Mr. Oyedepo for applicant, apparently realizing that these conditions were not fulfilled by appellant?s application, suggested that it should nevertheless be granted in the interest of justice. He did not elaborate beyond that. I am afraid that is not sufficient. Interestingly, in the same Akanbi v. Alao (1989) 3 NWLR (PT 108) 118 @ 157-158 paras F-A, Oputa, J.S.C. dismissed a similar submission thus:
‘.. the aim of all adjudications in our Courts should be the attainment or furtherance of justice. This however should not be an abstract justice, nor should it be subjective justice. Rather it should be fair and even handed justice, justice according to law.

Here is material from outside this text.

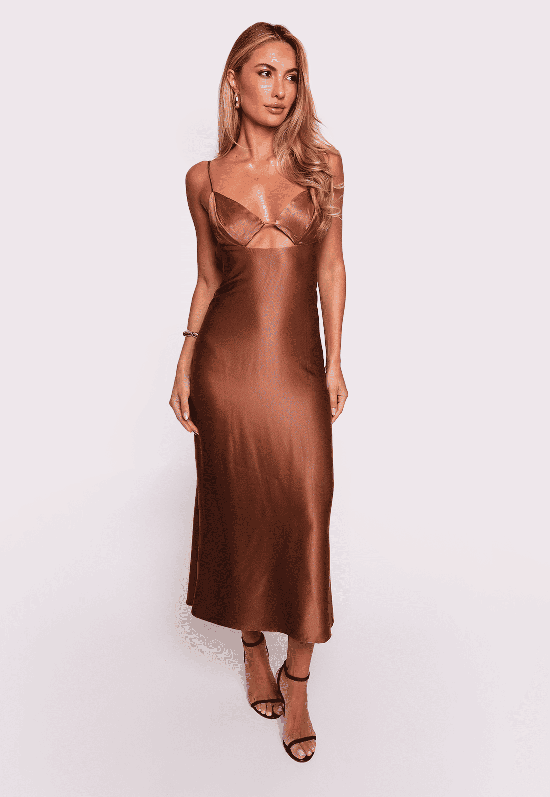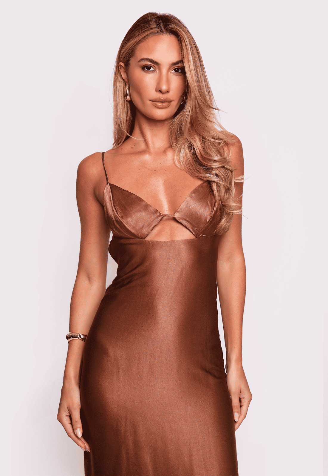 feito em cetim com brilho acetinado e caimento de sonho. o tom marrom sofisticado encontra a sensualidade do recorte frontal e as costas totalmente abertas com amarração fina. o forro leve garante conforto, enquanto o tecido 100% viscose traz fluidez e elegância no movimento. comprimento midi longo, perfeito pra ocasiões onde você quer estar glowing sem esforço. chic, quente e com aquele toque de mistério que a gente ama.
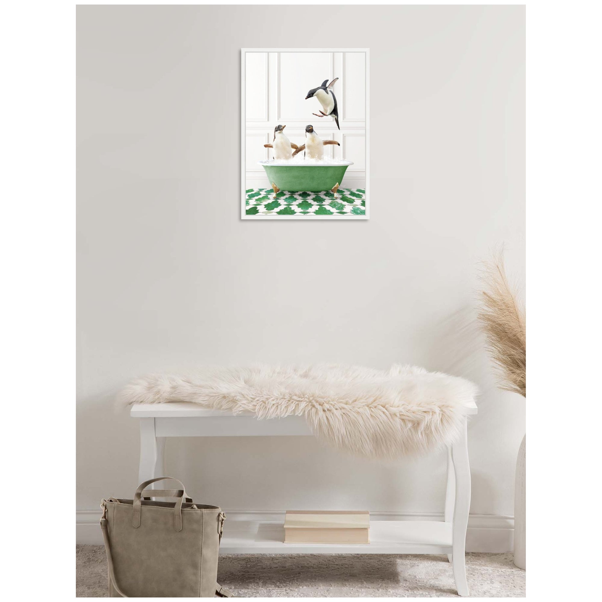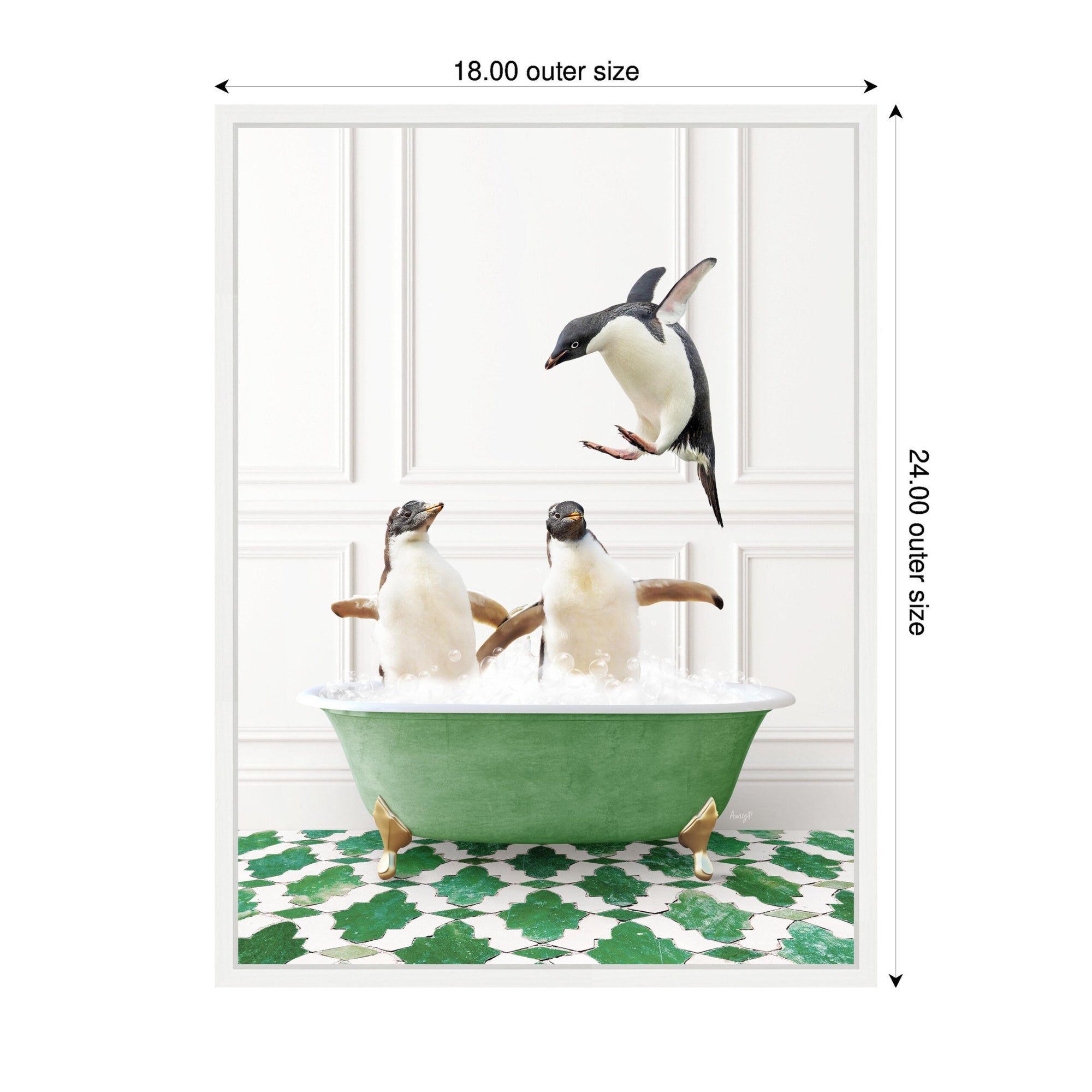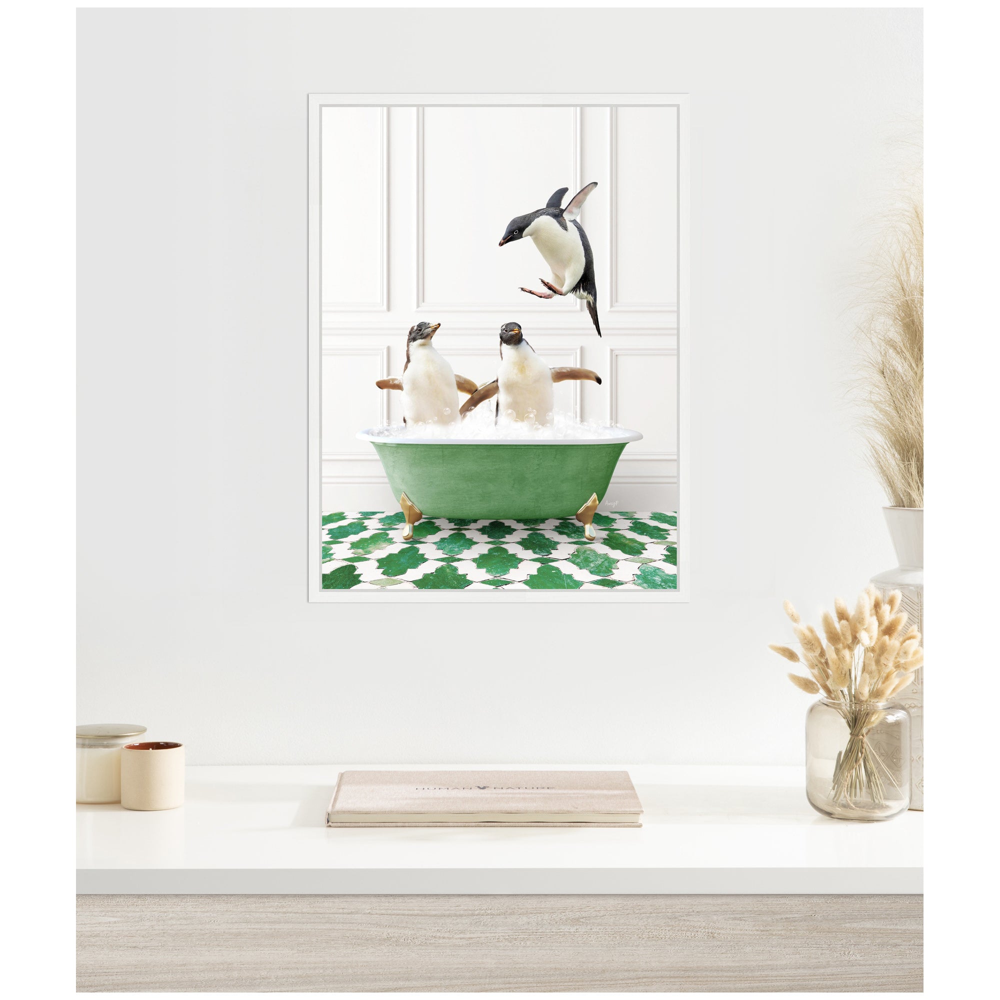Sylvie Penguins in Eclectic Green Panel Wall Bathtub Framed Canvas by Amy Peterson

Whenever anything is said to have been done in furtherance of justice one gets easily taken in. That however should not be the case, until one is quite clear and quite sure of what exactly that expression comprehends and/or means. For unless and until what is meant is clear such expressions like furtherance of justice or interest of justice may cover a multitude of sins. Expressions like ?furtherance of justice or ?interest of justice may in the end be a covering for injustice. .
Also a decision given without due regard to all our decided cases in point, given against all known principles can hardly be said to have been given in furtherance of justice.”
It is for this little bit and the fuller reasons of my learned brother in the lead ruling, which I adopt as mine, that I also dismiss this application.
MOHAMMED MUSTAPHA, J.C.A.: I have had the privilege of reading a draft and copy of the ruling just delivered by my learned brother, Joseph Shagbaor Ikyegh, JCA; I agree with the reasoning and conclusion, and adopt it as mine
Appearances:
Mr. O. RotimiFor Appellant(s)
Chief M. Ozekhome, SAN with him, Mr. S. N. Asadu and O. Uche, Esq.- for 1st Respondent.